Karine Quentrec
- Full name: Karine Quentrec Eagle
- Country (sports): France
- Born: 21 October 1969 (age 55) Marseille, France
- Turned pro: 1985
- Retired: 1997
- Prize money: $323,690

Singles
- Career record: 129–133
- Career titles: 1 WTA, 3 ITF
- Highest ranking: No. 45 (11 October 1991)

Grand Slam singles results
- Australian Open: 2R (1991)
- French Open: 3R (1989, 1991)
- Wimbledon: 2R (1988, 1989, 1990, 1991)
- US Open: 2R (1993)

Doubles
- Career record: 37–61
- Career titles: 5 ITF
- Highest ranking: No. 110 (18 July 1994)
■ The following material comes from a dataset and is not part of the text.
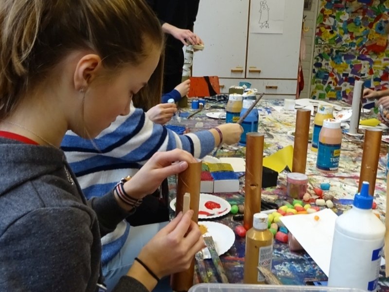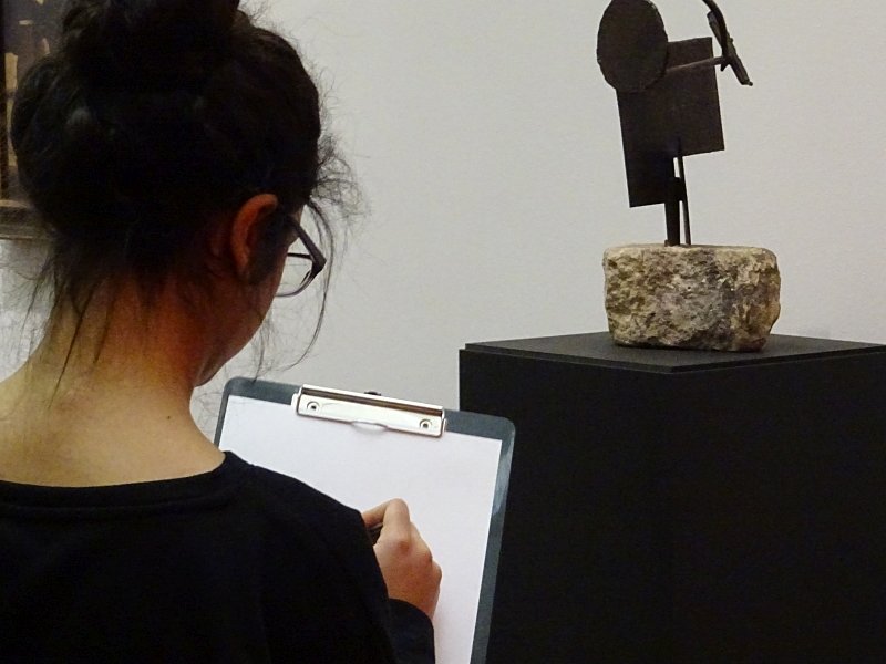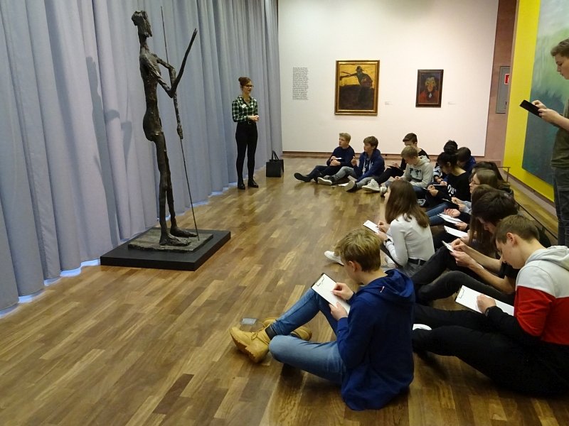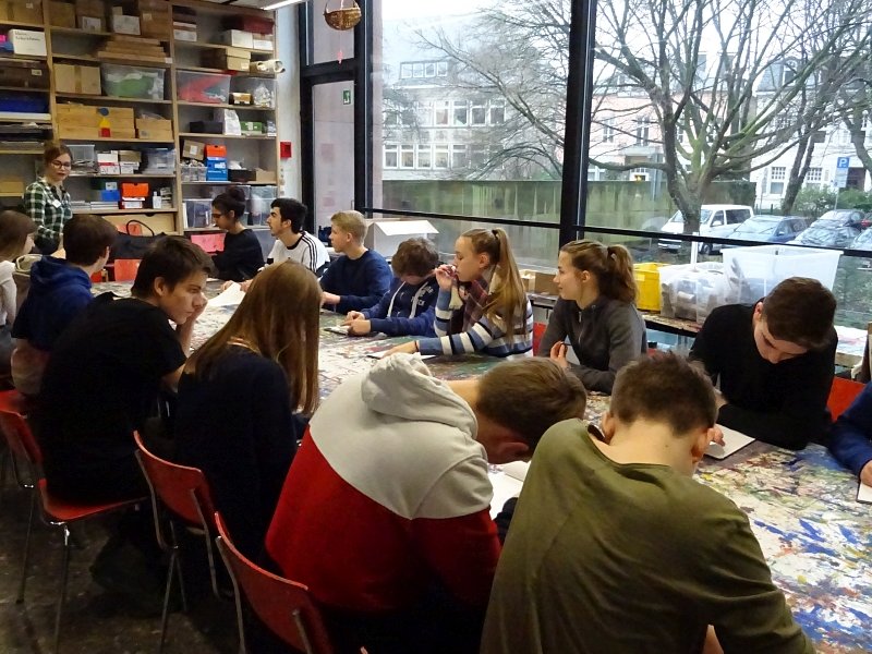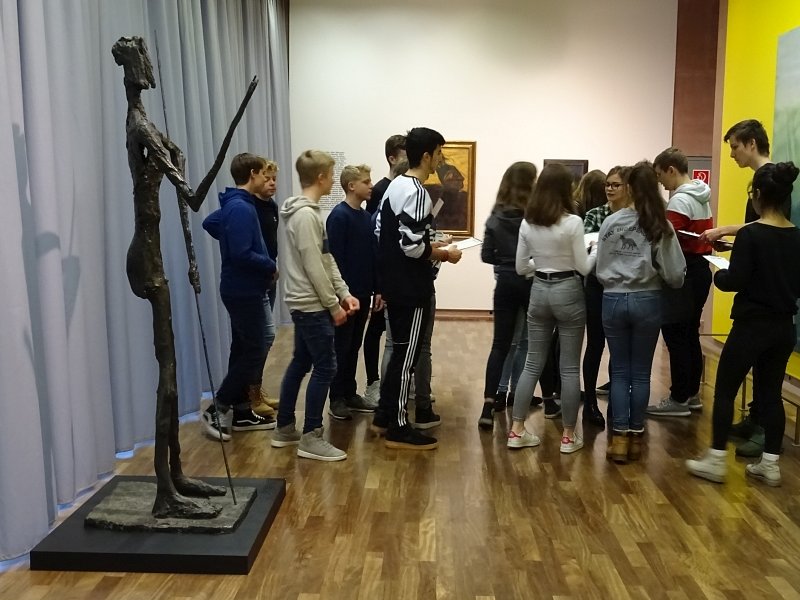 Am 28.01.2019 besuchte die KulturScouts-Klasse 9d des Einstein-Gymnasium Rheda-Wiedenbrück die Kunsthalle in Bielefeld. In einer spannenden Rallye durch die Ausstellung begegneten die Schülerinnen und Schülern skulpturalen Meisterwerken. Mit Stift und Papier bewaffnet wurden die Werke nicht nur mit den Augen, sondern auch mit der Hand zeichnerisch betrachtet. Im Anschluss wurden die Scouts im „Büro Farbenrausch“ selbst zu Bildhauern und entwickelten eigene Plastiken.

Grand Slam doubles results
- Australian Open: 2R (1995)
- French Open: 2R (1996)
- Wimbledon: 1R (1994)
- US Open: 1R (1994)

= Karine Quentrec =

French tennis player

Karine Quentrec Eagle (born 21 October 1969) is a former professional tennis player from France who competed on the WTA Tour from 1985 to 1996.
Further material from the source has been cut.